Fitch Ratings, the international rating agency, stated in a comment released today that Lebanon’s public finances are unsustainable but that the country is not likely facing imminent default. "The Lebanese pound has come under periodic pressure and bank deposit growth is slowing. Time is running short for the government, and it must act to avoid a financial crisis," says James McCormack, senior director of Fitch.

The Long-term foreign and local currency ratings are 'B-' (B minus), the Short-term rating is 'B' and the Outlook is Stable. At end-2001, Lebanon’s government debt reached 168% of GDP, the highest of any rated sovereign. The 2002 budget projects a deficit of 15% of GDP (about 21% of GDP using Fitch methodology, which adjusts official data for comparability with other rated sovereigns) with debt service accounting for 82% of revenues. Notwithstanding several new initiatives to address the debt-deficit spiral, including the introduction of a VAT in February, Fitch believes that public finances remain on an unsustainable path.

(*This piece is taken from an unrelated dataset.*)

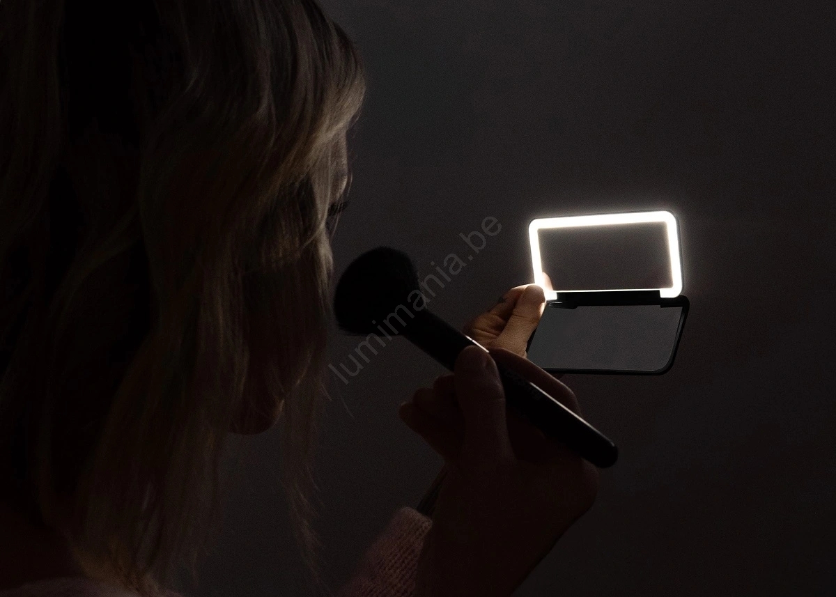 • Het spiegeltje geeft tot 3 uur licht op één acculading en kan eenvoudig via een USB-kabel en powerbank worden opgeladen.

Sources of financing for the government appear limited. Privatisation is moving ahead very slowly and the willingness and ability of domestic banks – the government's largest creditor – to continue to purchase more government securities is not without limit. As bank deposits shift from local to foreign currency (because of concerns about the exchange rate), banks are reducing their holdings of LBP-denominated government securities. Concerns within the banks themselves regarding the exchange rate are affecting their desire to hold sovereign eurobonds as well. The government is relying increasingly on the Banque du Liban for financing, essentially monetising its debt.

Foreign exchange reserves fell by 20% last year and are currently about USD4.9 billion. An increase in the current account deficit to about 34% of GDP and market intervention by the Banque du Liban to support the Lebanese pound drew reserves down. Fitch judges the current policy mix of targeting the nominal exchange rate as well as nominal interest rates in the context of falling foreign exchange reserves and rising government debt as unlikely to be sustainable.

Despite the very difficult state of Lebanon’s public finances, Fitch does not believe that the sovereign is necessarily facing imminent default. Public sector external amortisation payments this year is only USD300 million and the country’s external liquidity ratio – measuring liquid external assets as a share of amortisations plus short-term liabilities – is comfortably over 100%. And, although the currency composition of bank deposits is changing, the deposit base is still growing, albeit slowly. The agency warns, however, that time is running short for the government, and with the risks of devaluation and a further slowdown in growth of the banks’ deposit base, the authorities must act to avoid a financial crisis.